Our time is precious, and so is our money. It doesn’t make much sense to invest in something that has low return-on-investment (ROI). But which stocks do you add to your portfolio that’s worth your while? If you’re thinking about entering the stock market or just started trading, you may have come across the term “Exchange Traded Fund” (ETF). It’s commonly floated about and easily misunderstood, or not understood at all! We’ll break it down for you so you know what it is, why it’s worth investing in (or not) and which is the best ETF in Singapore right now.
So lay it on me – what is an ETF?
You’re likely here because you want to learn more about stocks, or you’ve come across this term and it just leaves you more confused than when you started. For you to have a basic understanding, we’ll need to give you a breakdown of other similarly perplexing acronyms. But once we’re through you’ll get the hang of it in no time.
Basically, an ETF is a fund that you buy shares of. The investors managing this fund take the pool of money and invest it in different assets. These could be in properties, bonds, gold/silver and so on. The assets can be bought from foreign companies as well, so you’re not just dealing with the local market.

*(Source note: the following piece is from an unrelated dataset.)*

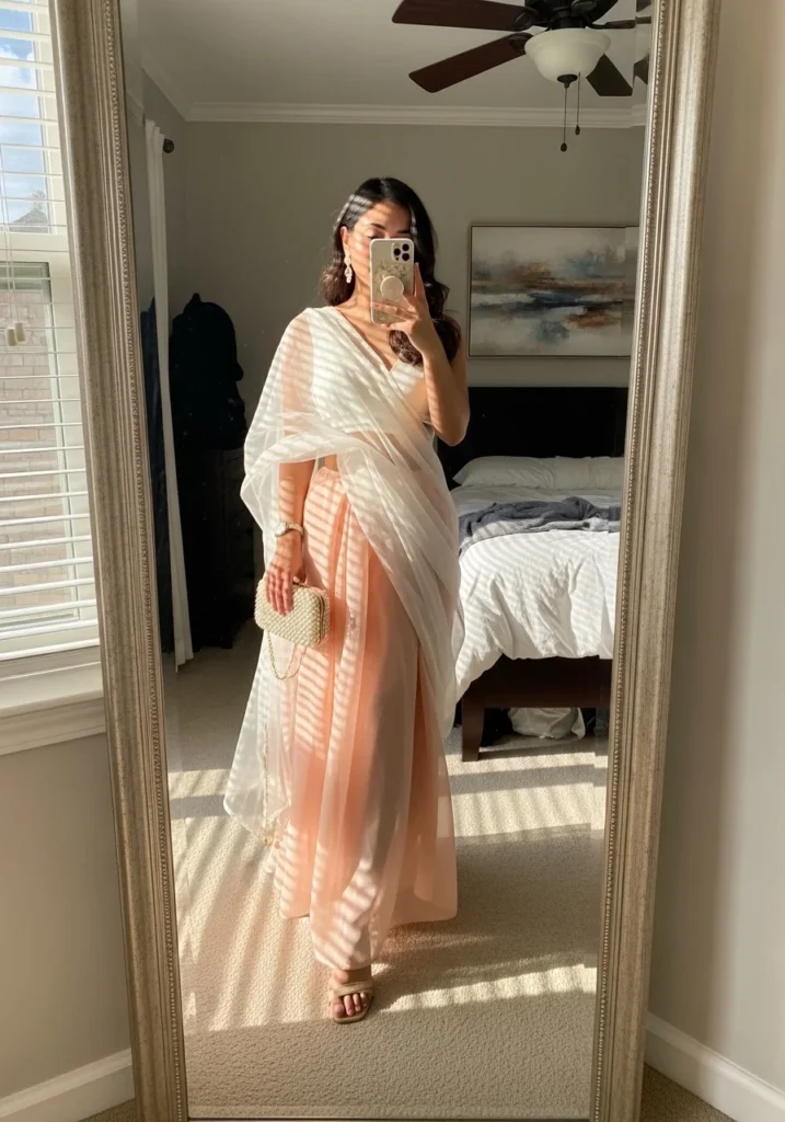 Shop Now from Amazon: Peach Organza Skirt + White Net Dupatta + Nude Sandals + Pearl Clutch

ETF shares have their own value based on the assets held under this ETF. You enjoy ownership of many different assets from just one share.
Why do people like to invest in ETFs? Because of liquidity. Liquidity is just a fancy word for how often something is traded. Because an ETF is a share, it can change value a lot, so people tend to buy and sell daily.

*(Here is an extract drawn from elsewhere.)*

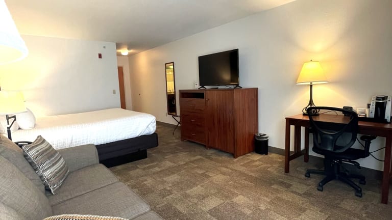 Das Hotel Boothill Inn & Suites bietet eine herzliche und einladende Atmosphäre, in der die Gäste ihre Ferien in vollen Zügen geniessen können. Das Hotel ist ausgestattet mit einem Innenpool, der zwei Whirlpools umfasst, sowie einem Fitnesscenter. Für Bequemlichkeit sorgt die 24-Stunden-Rezeption und ein kostenloser Flughafenshuttle. Täglich stehen Guetzli, die frisch gebacken werden, bereit.

Normally, mutual funds (something similar to ETFs) have their Net Asset Value (NAV) calculated when the market closes at the end of the day. But because ETFs may hold assets from different countries with different market closing times, it can close earlier or later than your local market. NAVs are worth bearing in mind because your ETF market value may have differences from the NAV, but that’s not uncommon. It serves as a guiding stick.

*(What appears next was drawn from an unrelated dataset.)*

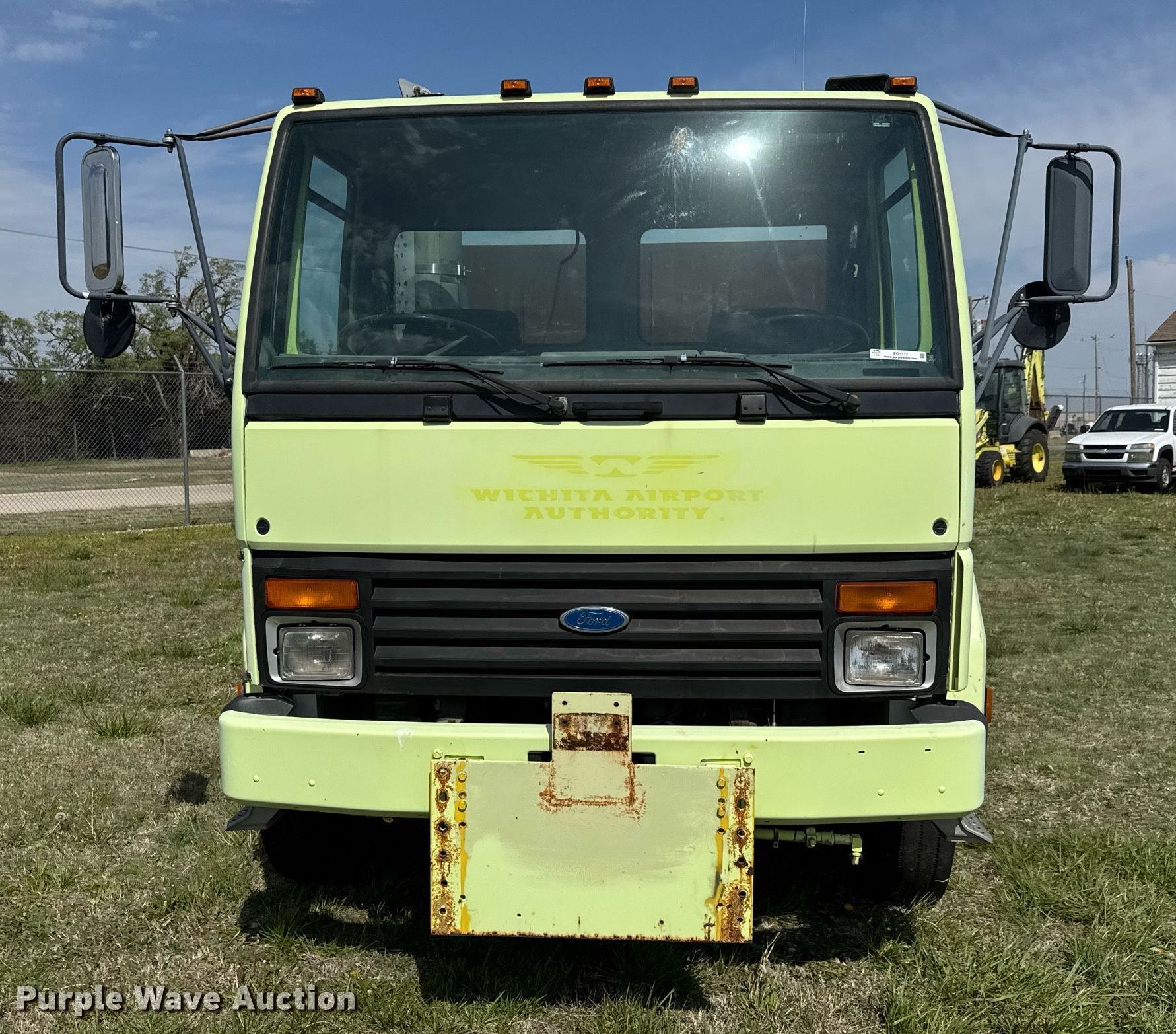 1995 Ford CF7000 dump flatbed truck. Miles: 31,601 on odometer, Hours: 4,792 on meter, VIN: 1FDXH70C8SVA14286, Unit #: WAA286. Engine Cummins FD-1060, Displacement: 5.9L, Cylinders: 6, Fuel type: Diesel, HP: 160. Transmission Automatic. Chassis Axles: Single, Suspension: Spring, Brakes: Air, PTO, GVWR: 32,000 lbs. Interior Heat. Features Dump flatbed 12' 1" L x 101" W, Ram: Single. Tires Size: 11R22.5. Notes Dead battery. Kansas title. City of Wichita Airport Authority Yard. 7710 West Southwest Boulevard. Wichita, KS 67215

Why should I buy an ETF in Singapore?
ETFs are generally seen as a safe investment because the share is a collection of funds. Basically, when everyone is doing well, you do well too. And that also lowers the risk, because if one asset is underperforming/losing money, it doesn’t affect the ETFs NAV that badly, or at all. You get to own a share that has assets in different countries, or certain industries that are doing well.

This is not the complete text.